Managing means more than barking orders. Personality, even charisma, is an important part of the leadership skill set. So are compassion, sensitivity, benevolence, and kindness.

(originally published by Booz & Company)
The Human(e) Factor - Nurturing a Leadership Culture
Illustration by Nicholas Wilton

When a company is an enormous success — or a dismal failure — there’s usually someone at the top who is responsible. Regardless of the size of the enterprise, this one executive puts together a leadership team, a group of individuals who are all going in the same direction and, as far as customers and suppliers are concerned, operate as one. When the team works successfully, the executive properly takes credit.
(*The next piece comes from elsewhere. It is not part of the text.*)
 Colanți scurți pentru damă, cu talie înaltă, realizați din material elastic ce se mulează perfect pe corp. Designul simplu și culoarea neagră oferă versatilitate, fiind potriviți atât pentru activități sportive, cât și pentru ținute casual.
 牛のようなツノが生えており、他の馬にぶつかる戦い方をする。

When it fails, the executive takes the fall.

Selecting and training the right kind of team members is one of top management’s most important tasks. And it requires not just practical business experience, but compassion, sensitivity, benevolence, and kindness — or, in one word, humaneness.
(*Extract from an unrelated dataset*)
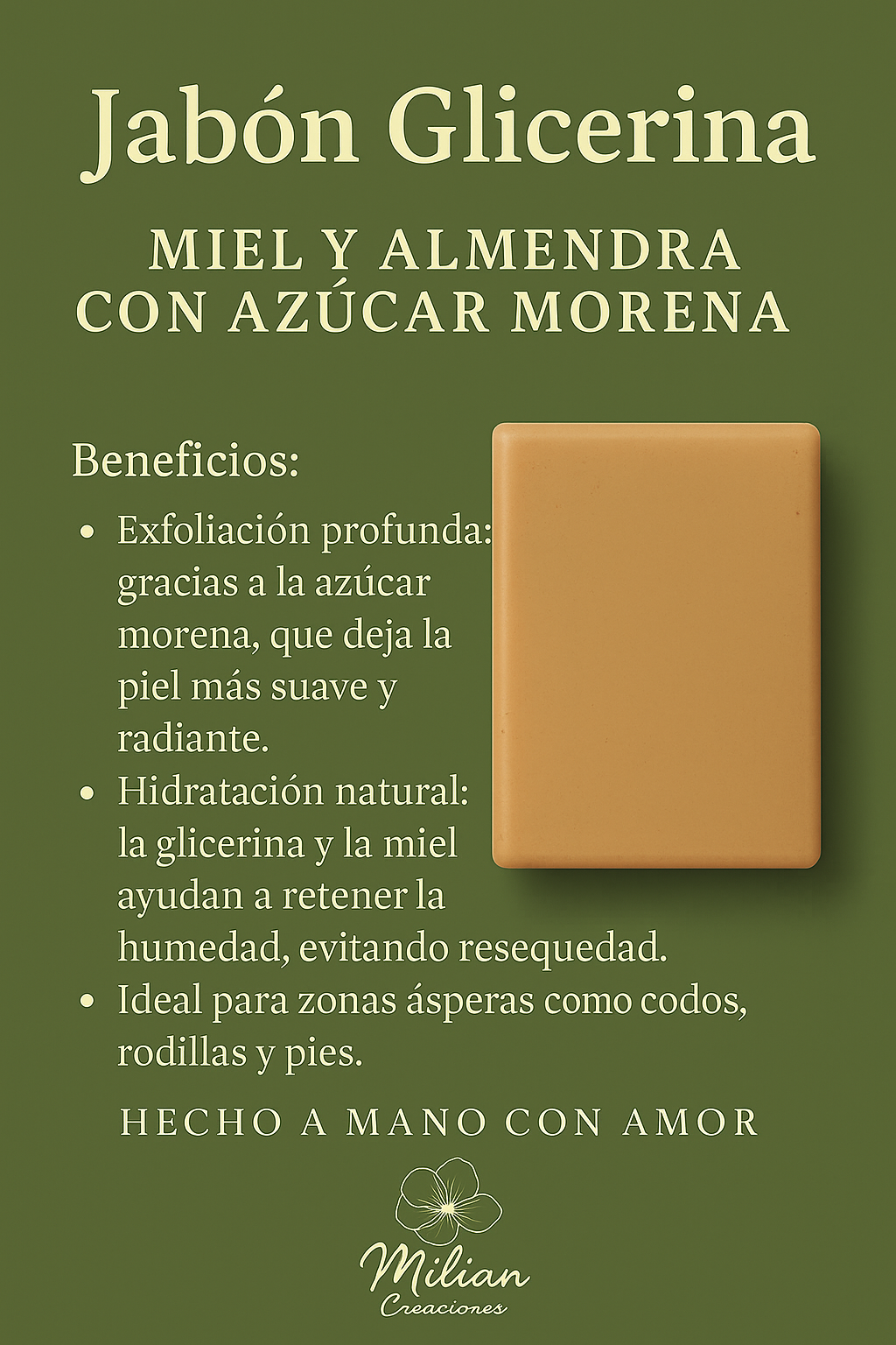 JABÓN GLICERINA MIEL Y ALMENDRA CON AZÚCAR MORENA

If humaneness is an important trait in executive teams, how can a top manager make certain that his or her colleagues don’t just pay lip service to this managerial attribute, but rather incorporate it into daily routines and use it as a yardstick for performance?

Helmut Maucher, the grand old man of Nestlé SA, found his answer in his description of a strong manager. He once observed that personality, responsibility, and intelligence — attributes that have been in demand for at least a thousand years — still are the prevailing characteristics of leadership. Additionally, Mr. Maucher added, management skills should be enhanced with other characteristics: first, a blend of courage, nerve, and calmness; and, second, the ability to communicate internally and externally. Alfred Herrhausen, a Deutsche Bank AG board member, once articulated his credo for the successful manager: “One has to say what one thinks, do what one says, and be what one does.” When humaneness radiates from the top, it works its way through the rank and file.

It’s as simple as this: Managers who want to succeed in a networked, knowledge-based world must be able to communicate with co-workers. “In difficult times,” executive search consultants Heidrick & Struggles-Mülder & Partner concluded in a recent survey, “the manager must be able to set clear rules. In day-to-day business, however, the manager is well-advised to talk with the staff and learn from them, for they are highly qualified knowledge workers who are indispensable for the future of the company.” Strong communication is based on the integral attributes of humaneness — compassion, sensitivity, benevolence, and kindness. The most successful manager has a broad perspective encompassing not only financial topics, but cultural understanding as well. This manager recognizes the specialized talents of different people and keeps their needs in mind. And he includes their networks and interdependencies in the social fabric of the company. To do so — to make best use of team members’ skills and talents — the manager must learn the internal machinations of the workplace. To do all of this properly means working hard to learn skills that go far beyond spreadsheet analysis.

A top manager’s ability to integrate and to communicate is most highly challenged by the networked enterprise. A smart leader must be a successful integrator. And that kind of leadership requires social competence. Leadership is no longer a matter of ordering and instructing, but of having and using the ability to convince. Personality, even charisma, is an important part of the leadership skill set.

Social Competence
Social competence is the ability to motivate, to understand different (even opposing) points of view, and to manage a number of different character types (and emotions). As a whole, these varied criteria form the humane factor. They are the foundations of teamwork, of balance within a successful organization.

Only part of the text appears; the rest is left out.